Friday, June 7, 2013

Impairment Rating Evaluation (IRE) Order is a Non-Appealable Order

An Impairment Rating Evaluation (IRE) is a remedy available to the Pennsylvania Employer to establish the degree of impairment of an injured worker. If the IRE results in a determination that the employee is less than 50% impaired, in accord with the AMA Guides to the Evaluation of Impairment, the duration of disability benefits is capped at 500 weeks. The rate of benefit payment remains unchanged. An Earning Power Assessment, based upon a labor market survey, is the remedy that allows an Employer to reduce the rate of benefit.

After the employee has receive 104 weeks of total disability benefits, an IRE may be scheduled.
If the employee does not comply with this request for evaluation, the Employer may file a Petition to Compel Physical Examination or Expert Interview pursuant to Section 314 (LIBC 499 form).

This petition will be assigned to a Workers' Compensation Judge for an evidentary hearing and decision.
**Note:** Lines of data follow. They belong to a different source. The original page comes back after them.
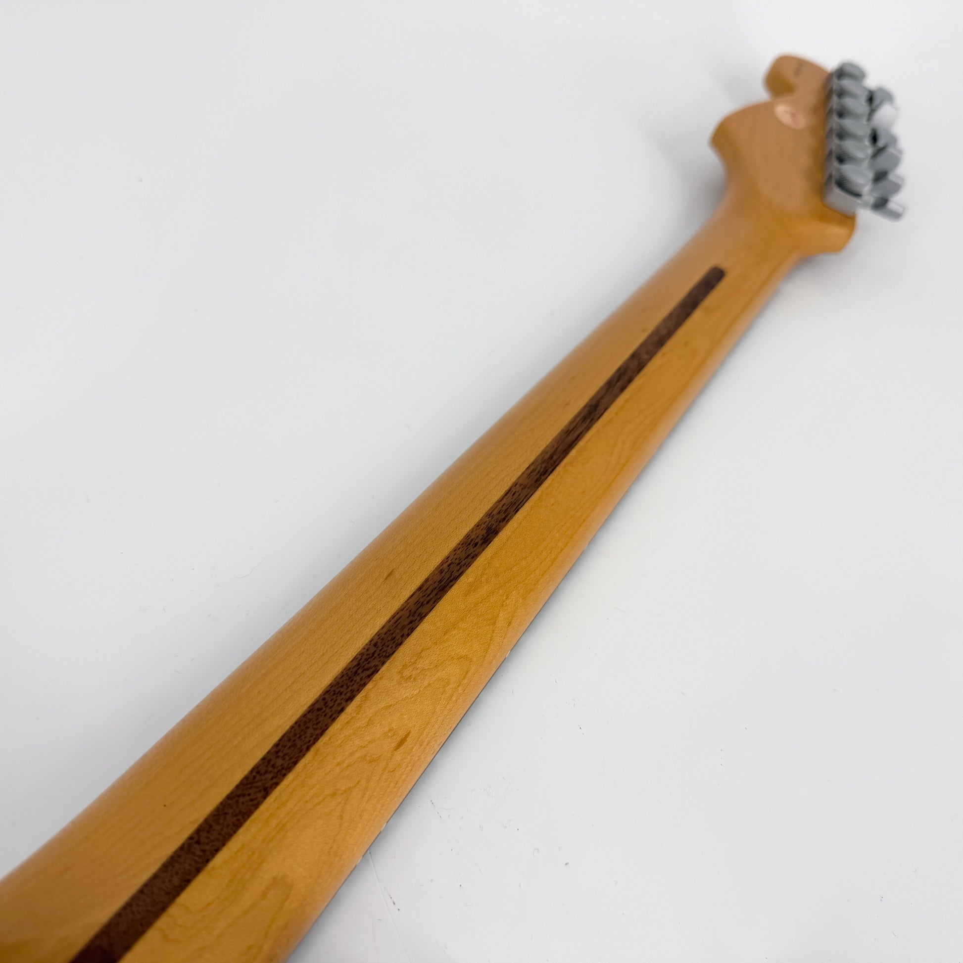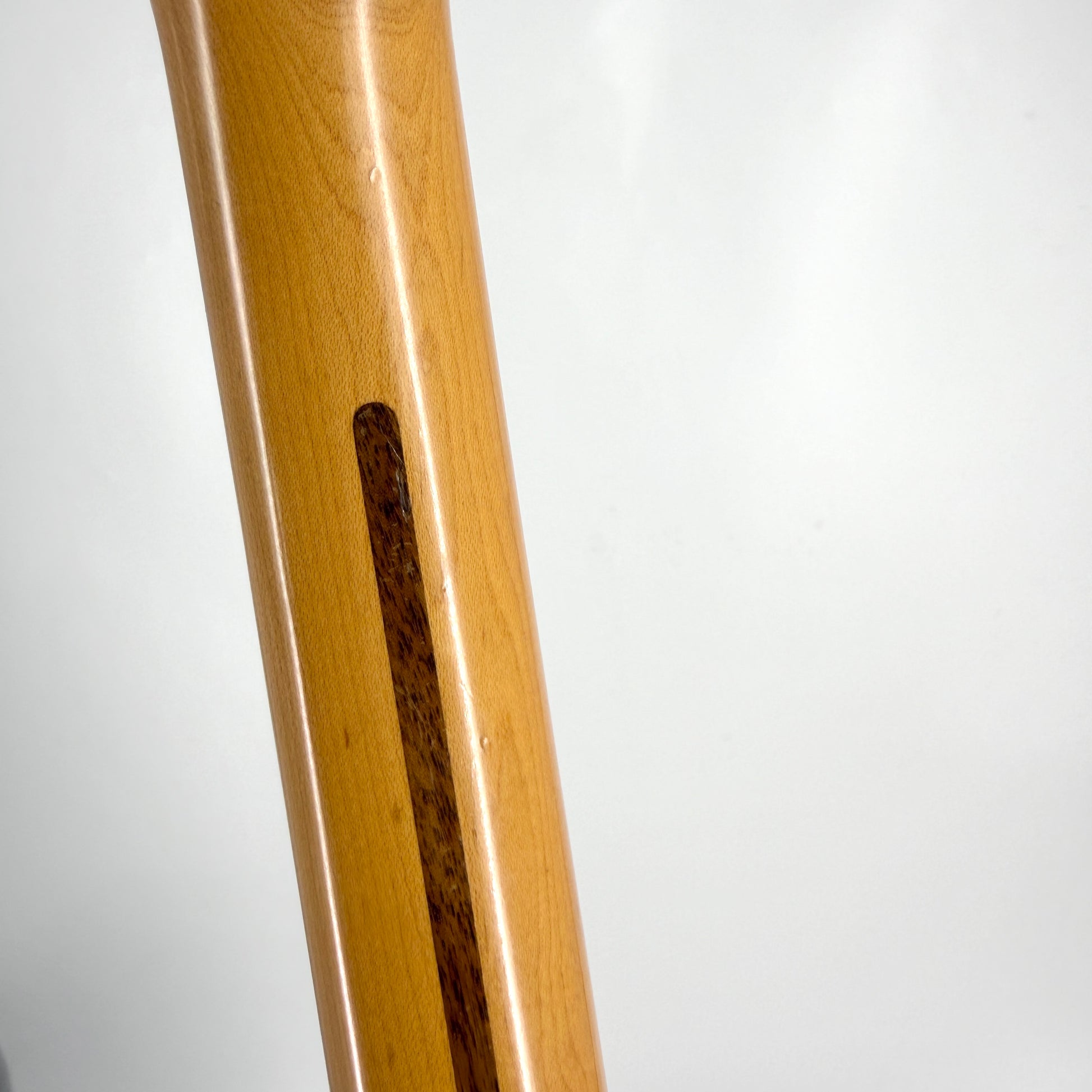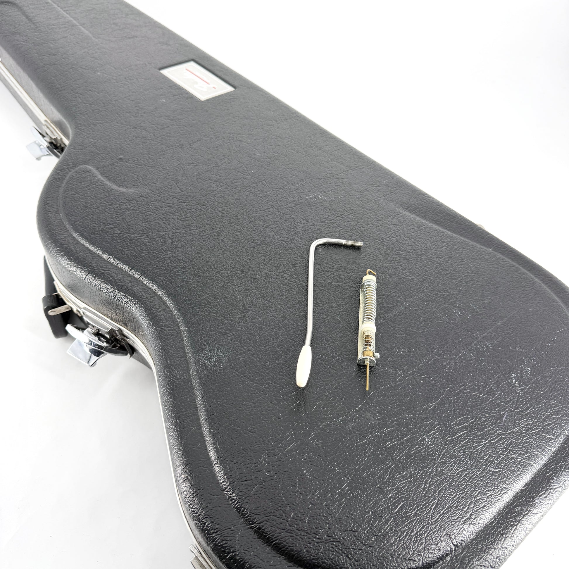 It has an Alder body, a comfortable modern-C (slim/medium) profile Maple neck with Rosewood fingerboard, Schaller locking tuners, roller nut, and 6-saddle trem bridge. The Hipshot tremsetter has been removed but is included in the case.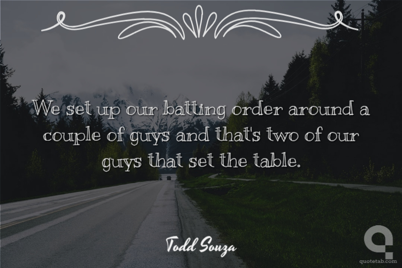 We set up our batting order around a couple of guys and that's two of our guys that set the table. Todd Souza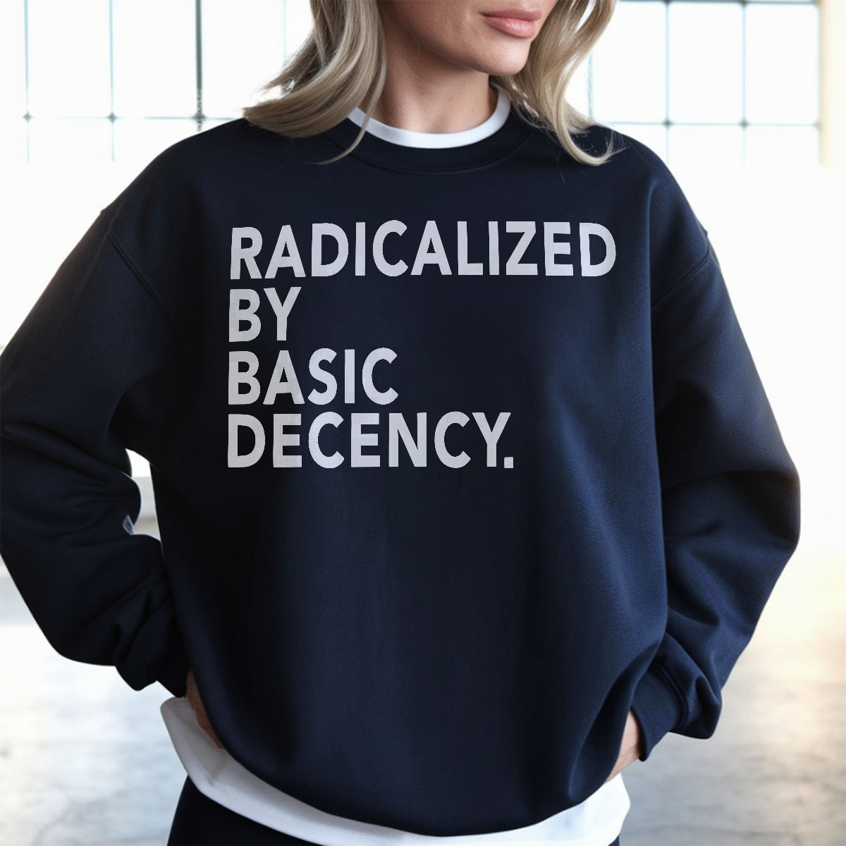 Radicalized by Basic Decency Graphic Sweatshirt, Empowerment Quote Pullover, Social Awareness Statement Tee, Unisex Activist Apparel, T-Shirt, Hoodie & Sweatshirt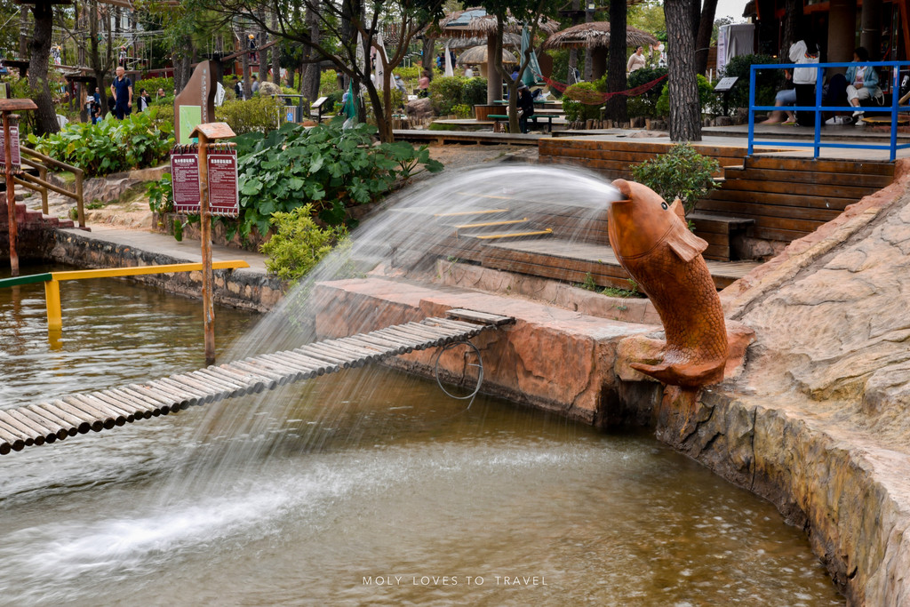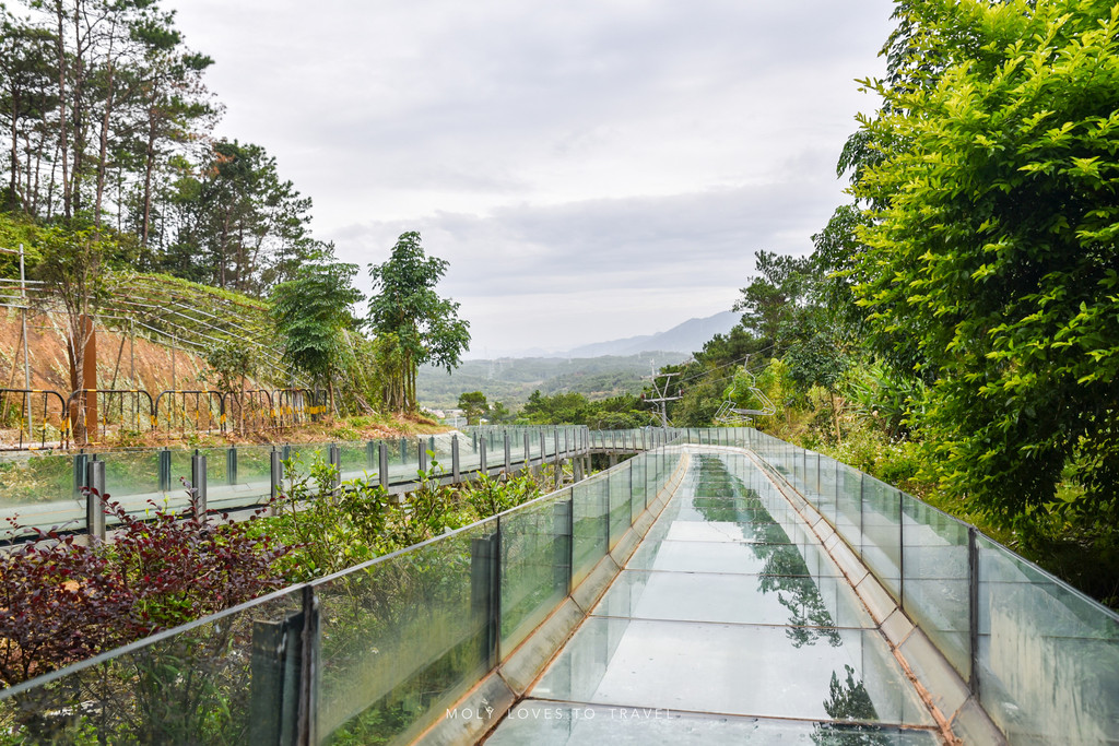 牛鱼嘴玻璃漂流,据说是世界最长的悬空玻璃漂流滑道,漂流距离长达1780米,离地最高13米360回旋漂流道,落差高达100多米,而且一年四季都可漂的空中漂流。随着漂流皮艇顺水而下,非常惊险,特别是在拐弯时更加刺激。漂流时由于速度太快水会溅到身上,夏天会非常凉爽,秋冬就建议穿好雨衣套装。

In the past, we have learned that an Employer does not need to establish that an injured worker is at "Maximum Medical Improvement", before scheduling the IRE.
[see: May 3, 2013, post discussing Stocklin decision]

 What is the WCJ errs and believes a "Pre-IRE" determination of MMI status is necessary?
An Employer must appeal this adverse decision, as it is based upon an incorrect interpretation of law.

The recent case at Carter v. WCAB (GenCorp, Inc.), No 1172 C.D. 2012 an unreported memorandum opinion of a panel of the Commonwealth Court of Pennsylvania, authored by Judge Brobson on May 7, 2013, reported this circumstance.

Factual and Procedural Background

Employee was injured in 1999. Workers' Compensation benefits were voluntarily paid pursuant to a Notice of Compensation Payable. In August 2010, Employer filed a Petition for Physical Examination to order employee to attend an IRE. Employee failed to appear at an exam scheduled for July 2010.
Employee argued Employer was not entitled to an IRE as Employer did not secure a medical opinion that he had reached MMI.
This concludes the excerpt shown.